2. Comprehensive utilization of worms

In foreign countries, worm farming often considers comprehensive utilization. Worms are often a byproduct in the process of dealing with public nuisances and used as feed, so the cost is relatively low. In Japan, for example, most worm farms are attached to paper mills, allowing worms to digest the waste sludge and residues discharged during the papermaking process. This not only eliminates public nuisances but also saves manpower and material resources. The resulting worms and worm castings can be used as feed and fertilizer, achieving two goals at once. A 16,500 square meter worm farm can handle nearly 3,600 tons of waste sludge annually while producing about 200 tons of high-protein feed and approximately 220 tons of high-quality worm castings. Therefore, I suggest that we should vigorously promote comprehensive utilization in the future, using worms to handle urban household waste, industrial sludge, wastewater, leaves, fallen fruits in gardens, straw, manure, biogas pool residues, and other organic materials in rural areas. For acidic soils in southern China and saline-alkali and sandy lands in the north, comprehensive management through worm farming can reduce the cost of worm farming. Worm farming can also be combined with mushroom cultivation, snail farming, cattle farming, etc., forming a virtuous cycle of materials.

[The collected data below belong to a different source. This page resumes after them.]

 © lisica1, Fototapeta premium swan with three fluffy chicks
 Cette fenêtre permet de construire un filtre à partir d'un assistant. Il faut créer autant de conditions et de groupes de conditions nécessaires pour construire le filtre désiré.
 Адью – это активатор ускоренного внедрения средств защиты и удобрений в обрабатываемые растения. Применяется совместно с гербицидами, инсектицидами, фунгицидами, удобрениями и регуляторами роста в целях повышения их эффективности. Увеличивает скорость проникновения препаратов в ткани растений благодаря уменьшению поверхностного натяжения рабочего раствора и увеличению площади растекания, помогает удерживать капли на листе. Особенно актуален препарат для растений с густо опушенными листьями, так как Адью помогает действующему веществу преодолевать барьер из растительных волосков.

3. Scientific worm farming

Within a certain period, the yield per unit area of worms mainly depends on the multiplication factor of worms, i.e., the proliferation rate. The proliferation rate of worms is primarily determined by the following factors: the number of cocoons produced per worm per year; the average hatching rate of cocoons, i.e., the average number of young worms hatched from each cocoon; the survival rate of young worms; and the generation interval days of worms. Therefore, it is essential first to select worm breeds with high proliferation rates for farming. At the same time, scientific feeding management should be strengthened to fully utilize their production potential. To increase the proliferation rate of worms, basic theoretical research on worms should be strengthened, and various advanced technical means (including biohormones, cytological technology, etc.) should be used to promote early maturation, shorten growth cycles and sexual cycles, aiming for more egg-laying and higher yields.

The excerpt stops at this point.